Quantifying the benefit brought by a cross-media footprint has always been murky. But News UK is one publisher that aims to find out. So its Times and Sunday Times asked research consultancy d.fferentology to survey 1,454 of its readers.
The Times’ portfolio has expanded in recent years with touchpoints including a radio station.
D.fferentology identified two categories of “incremental audience”:
- Long-time Times readers who also engage with at least one new Times brand.
- New or non-Times readers who nevertheless use at least one new Times brand.
Publishers get a cross-platform uplift
The survey found that Times Radio and Times podcasts have been a driver of new premium audiences for the core news products:
- 34% of Times Radio listeners went on to purchase a Times subscription.
- 24% of Times podcast listeners did the same.
That is because this new kind of touchpoint gives a publisher the opportunity to demonstrate its approach, tonality and value in a medium that may otherwise not have engaged the audience.
Eight in 10 Times Radio and podcast listeners said they had thought differently about the overall Times brand since they started listening.

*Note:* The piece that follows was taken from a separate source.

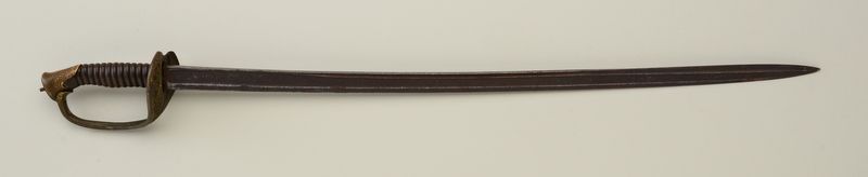 French Officer’s Model 1855 sword dated 1861 by Chateau Arsenal; fair to good condition; no scabbard, pommel cap has been removed; thumb area of guard is damaged; imported and used by both sides in the Civil War. Est.:$100-$200.

And these channels don’t appear to cannibalise each other. Amongst these incremental audiences, consumption appears consistently high throughout the day.
Cross-media ad campaigns perform better
Of course, in their exertions and extensions to new channels, publishers are not just trying to enhance their own business. They also aim to give advertisers a more powerful offering.
According to data from Radiogauge Predict, the radio ad campaign effectiveness tool from the commercial radio industry body Radiocentre, a cross-media campaign across three publisher platforms – radio, press and online display – creates a quartet of brand uplifts.
“This is an exciting piece of research that demonstrates the evolution of The Times brand from a print news business to a digital first news and lifestyle business,” says Tracey Hendle, agency development partner at News UK, who commissioned the research.
“The addition of audio opens new opportunities for our partners to build more diverse and integrated communications, at a multi channel level and within the context of The Times brand.”
Finding the new incrementals
Times executives like Hendle are getting excited that platform combination adds a “new dimension” to their offering. But, when it comes to incremental audience, who is this Generation Overlap, really?
D.fferentology’s survey shows new-platform Times audiences are more likely 18 to 34 years old than print-only consumers, highly likely to be in the ABC1 demographic and significantly more likely to have young families.
What is more:
- 67% like to try new products.
- 54% always do so when their favourite brand releases a new product.
- 63% like brands that echo their own beliefs.
- 57% are drawn to brands with a clear purpose.
For publishers and their advertisers, that purpose seems clear – the pot of gold isn’t at the end of a rainbow, it’s at the centre of a Venn diagram.